This entry is more technical, more historical, and longer than usual: be warned and be patient, please. I also think it’s important. As my elementary teacher used to say, “Put on your thinking caps!”
After recently stepping away from my years as a theology educator I’m starting to see some academic blind spots we tend to miss from close up. One of these is critical: we don’t get God’s motives right. It’s a problem of the Christian educational community at large. We tend to speak of God as if he is mainly defined by using and defending his power—as if his omnipotence is what drives him. And, biblically, that’s just not right.
I say this even though I know scholars who promote other motives, especially a divine ambition for glory. In some settings his love is also exalted; and sometimes his holiness; and maybe one or two other qualities. But after some time to ponder I’ve concluded that it’s really his power that academics see as God’s main motor.
I should say right away that I don’t doubt God’s omnipotence: all power ultimately resides in him; and all his purposes are being played out in the creation. The Scriptures affirm this. And he would be less than God almighty if it were not the case.
What I deny is that his power tells us anything about his motives. Proclamations of his power only tell us that as God he has no true competitors and that he has every capacity he needs to maintain that status. He is wholly secure.
Here’s why the question of motive matters. If power is what moves God, then he is an unapologetically and appallingly disaffected divinity. Appalling to us relational beings in that it suggests that the creation is actually relationally barren, only set up to display divine might. We would be the participants and the audience for a grand performance of power. God would be a grand utilitarian ruler; with us as his objects to be ruled.
I call this a blind spot because no one sees this summary as applicable to their own theology even when they teach it in some fashion.
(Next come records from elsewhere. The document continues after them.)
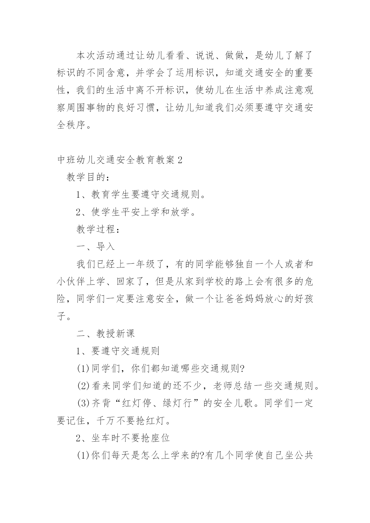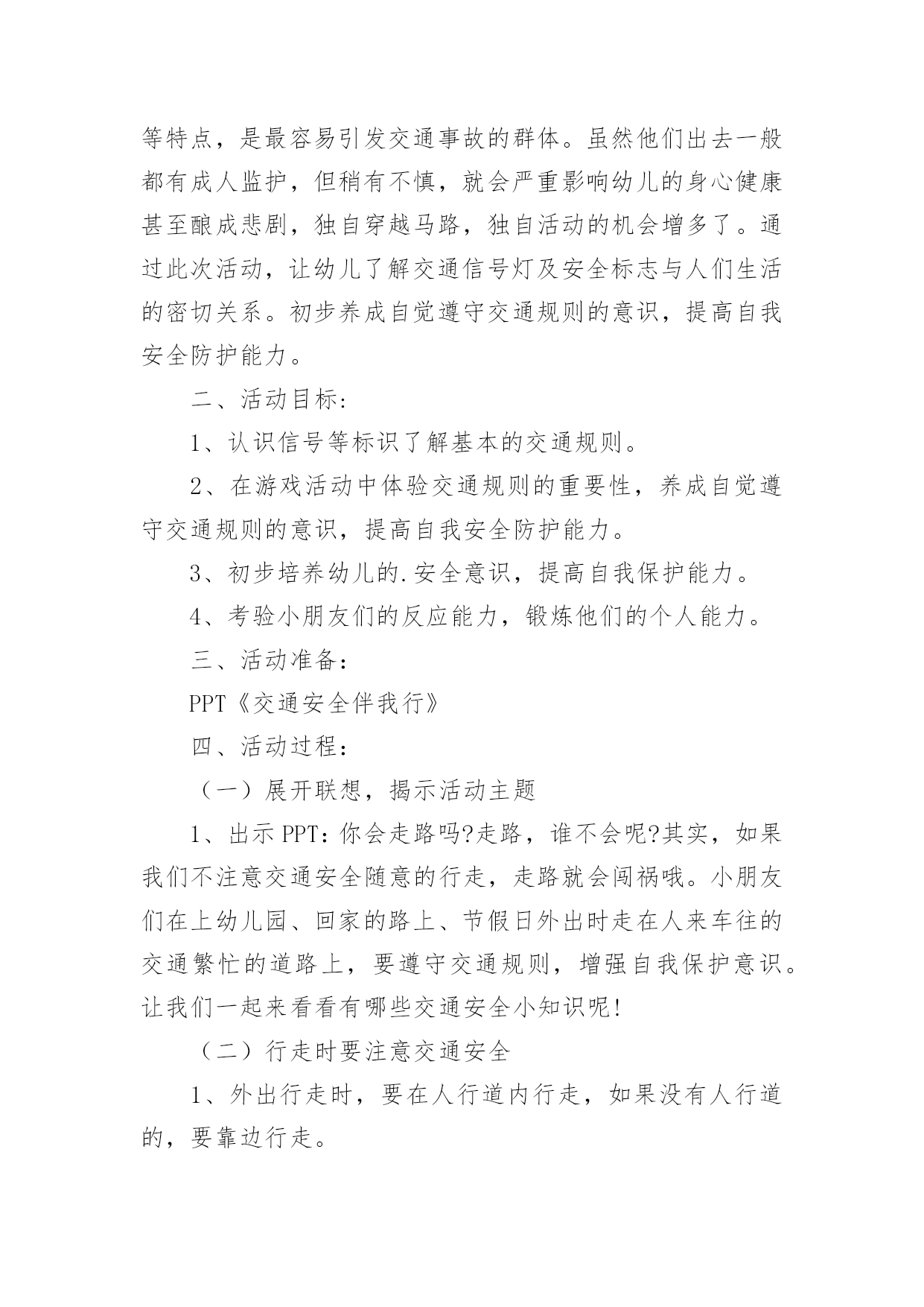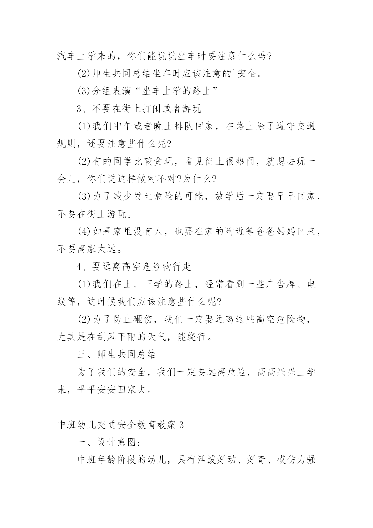 中班幼儿交通安全教育教案在教学工作者开展教学活动前,总不可避免地需要编写教案,通过教案准备可以更好地根据具体情况对教学进程做适当的必要的调整。那么大家知道正规的教案是怎么写的吗?以下是小编为大家整理的中班幼儿交通安全教育教案,仅供参考,欢迎大家阅读。中班幼儿交通安全教育教案1活动目标:1.认识常见的交通标识。2.能够区分不同类型的标识代表的意义。3.养成遵守规则的好习惯。4.探索、发现生活中的多样性及特征。5.教幼儿养成细心、认真的学习态度。活动准备:一些重要交通标识的卡片若干、白板一块、活动过程:一、游戏导入。师:今天,我们一起来玩个交通小游戏,想玩吗?选择自己喜欢的交通工具(出发喽!)(带领幼儿在教室内走一圈,然后回到自己的位置上。)提问:告诉老师,如果我们真的是走在马路上或者你们在马路上开车的话,能随便开,随便走吗?幼:不能,那样太危险了,会被车子撞了的。师:宝贝,你说的我赞同。二、认识标识1.出示图片(叮叮当当在放学的路上发现了一个奇怪的标志)小朋友们见过吗?如果见过,记得在哪里见过呢?2.小朋友们畅所欲言。3.老师这里有很多交通标识图片,你们都认识哪些?(教师出示交通标识图片,幼儿自由说)4.我们现在一个个来认识。(逐一认识并解释其作用)三、拼图游戏师:小朋友们真棒!今天认识了许多交通标识,现在请给我们的标识宝宝拼出一个完整的'身体吧。(小朋友们小组合作拼交通标识)小结:交通标识在我们的生活中很重要,我们一定要遵守交通规则,如果我们不遵守交通规则,就会发生危险的交通事故,导致自己和他人的受到伤害,小朋友们一定要养成遵守交通规则的好习惯。四、学唱儿歌五、总结、延伸师:今天,我们不仅认识了这么多交通标识,还知道了它们的作用,我们每个人都要遵守交通规则,文明出行。小朋友们假期里可以和爸爸妈妈一起外出找找还有哪些交通标识?活动反思本次活动通过让幼儿看看、说说、做做,是幼儿了解了标识的不同含意,并学会了运用标识,知道交通安全的重要性,我们的生活中离不开标识,使幼儿在生活中养成注意观察周围事物的良好习惯,让幼儿知道我们必须要遵守交通安全秩序。中班幼儿交通安全教育教案2教学目的:1、教育学生要遵守交通规则。2、使学生平安上学和放学。教学过程:一、导入我们已经上一年级了,有的同学能够独自一个人或者和小伙伴上学、回家了,但是从家到学校的路上会有很多的危险,同学们一定要注意安全,做一个让爸爸妈妈放心的好孩子。二、教授新课1、要遵守交通规则(1)同学们,你们都知道哪些交通规则?(2)看来同学们知道的还不少,老师总结一些交通规则。(3)齐背“红灯停、绿灯行”的安全儿歌。同学们一定要记住,千万不要抢红灯。2、坐车时不要抢座位(1)你们每天是怎么上学来的?有几个同学使自己坐公共汽车上学来的,你们能说说坐车时要注意什么吗?(2)师生共同总结坐车时应该注意的`安全。(3)分组表演“坐车上学的路上”3、不要在街上打闹或者游玩(1)我们中午或者晚上排队回家,在路上除了遵守交通规则,还要注意些什么呢?(2)有的同学比较贪玩,看见街上很热闹,就想去玩一会儿,你们说这样做对不对?为什么?(3)为了减少发生危险的可能,放学后一定要早早回家,不要在街上游玩。(4)如果家里没有人,也要在家的附近等爸爸妈妈回来,不要离家太远。4、要远离高空危险物行走(1)我们在上、下学的路上,经常看到一些广告牌、电线等,这时候我们应该注意些什么呢?(2)为了防止砸伤,我们一定要远离这些高空危险物,尤其是在刮风下雨的天气,能绕行。三、师生共同总结为了我们的安全,我们一定要远离危险,高高兴兴上学来,平平安安回家去。中班幼儿交通安全教育教案3一、设计意图:中班年龄阶段的幼儿,具有活泼好动、好奇、模仿力强等特点,是最容易引发交通事故的群体。虽然他们出去一般都有成人监护,但稍有不慎,就会严重影响幼儿的身心健康甚至酿成悲剧,独自穿越马路,独自活动的机会增多了。通过此次活动,让幼儿了解交通信号灯及安全标志与人们生活的密切关系。初步养成自觉遵守交通规则的意识,提高自我安全防护能力。二、活动目标:1、认识信号等标识了解基本的交通规则。2、在游戏活动中体验交通规则的重要性,养成自觉遵守交通规则的意识,提高自我安全防护能力。3、初步培养幼儿的.安全意识,提高自我保护能力。4、考验小朋友们的反应能力,锻炼他们的个人能力。三、活动准备:PPT《交通安全伴我行》四、活动过程:(一)展开联想,揭示活动主题1、出示PPT:你会走路吗?走路,谁不会呢?其实,如果我们不注意交通安全随意的行走,走路就会闯祸哦。小朋友们在上幼儿园、回家的路上、节假日外出时走在人来车往的交通繁忙的道路上,要遵守交通规则,增强自我保护意识。让我们一起来看看有哪些交通安全小知识呢!(二)行走时要注意交通安全1、外出行走时,要在人行道内行走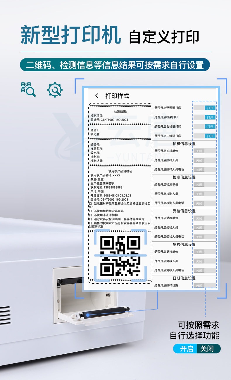 9.7.1、全新打印系統(tǒng):內(nèi)置全新打印機(jī),新創(chuàng)自定義打印方式,可按需靈活勾選控制:產(chǎn)品合格證(國家農(nóng)業(yè)部標(biāo)準(zhǔn)要求),二維碼,抽樣信息、檢測信息,受檢信息、復(fù)核信息、抽樣日期、檢測日期等信息的打印。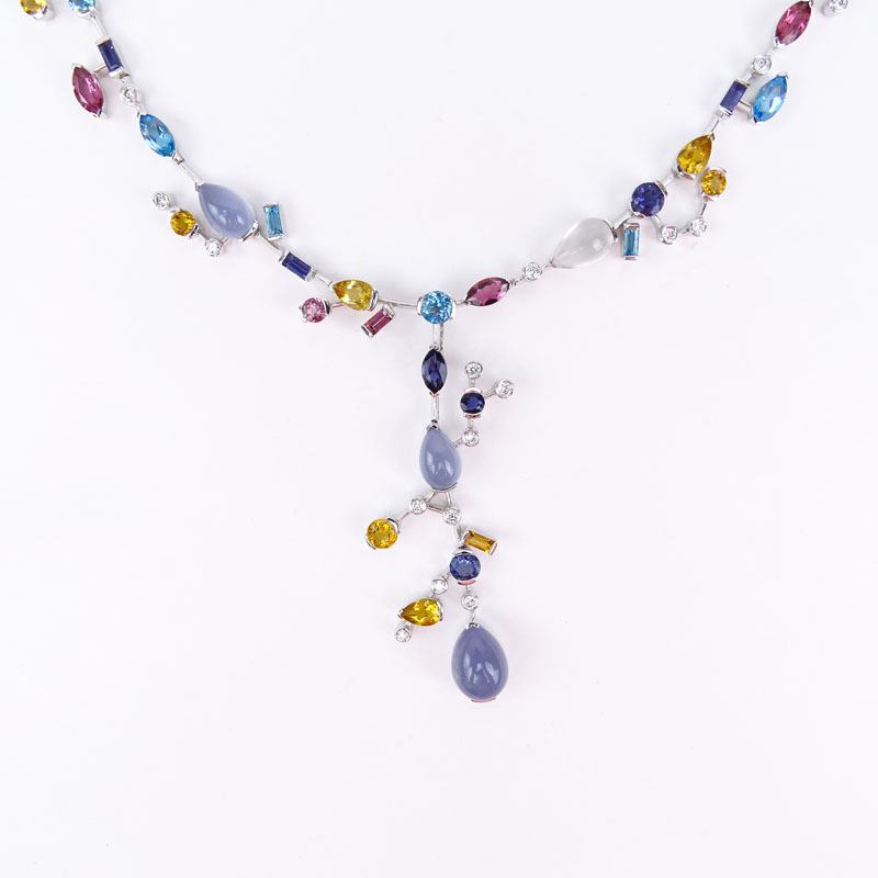Cartier style 53.16 Carat Multi Color Gemstone, 1.48 Carat Diamond and 18 Karat White Gold Necklace.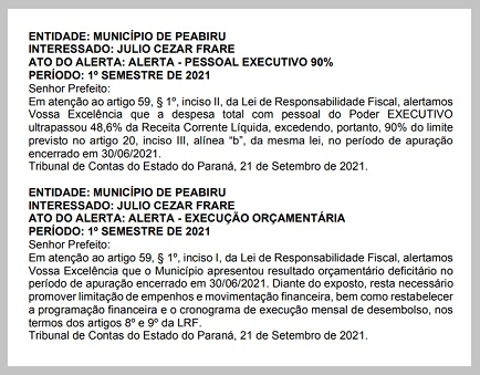 Outro é pelo resultado orçamentário deficitário no mesmo período. "Resta necessário promover limitação de empenhos e movimentação financeira, bem como restabelecer a programação financeira e o cronograma de execução mensal de desembolso", destaca o segundo alerta.

And in teaching it we are kept from coming to grips with the true God and with his real motives.
Let me offer the English Puritan, William Perkins (1558-1602), as both a source and an example of the problem. In his day he presented a power-concerned God to England, and his portrayal continues to influence theology until today. Yet he is never viewed as promoting a disaffected God. He was, in fact, famous for his piety and spoke often about God’s love—rather ironically, given what he actually believed and taught his students.
Perkins’ key work, the Golden Chaine, was first published in Latin as the Armilla Auria in 1590. It introduced young theology students at Cambridge University and elsewhere to the structure and import of “federal theology” as formulated in Heidelberg, Germany, in the mid-1500’s. This federalism was a mitigated contractual model of salvation—I’ll say more about it below. The scheme drew directly from a version of how salvation works that was first synthesized by Thomas Aquinas in the 13th century.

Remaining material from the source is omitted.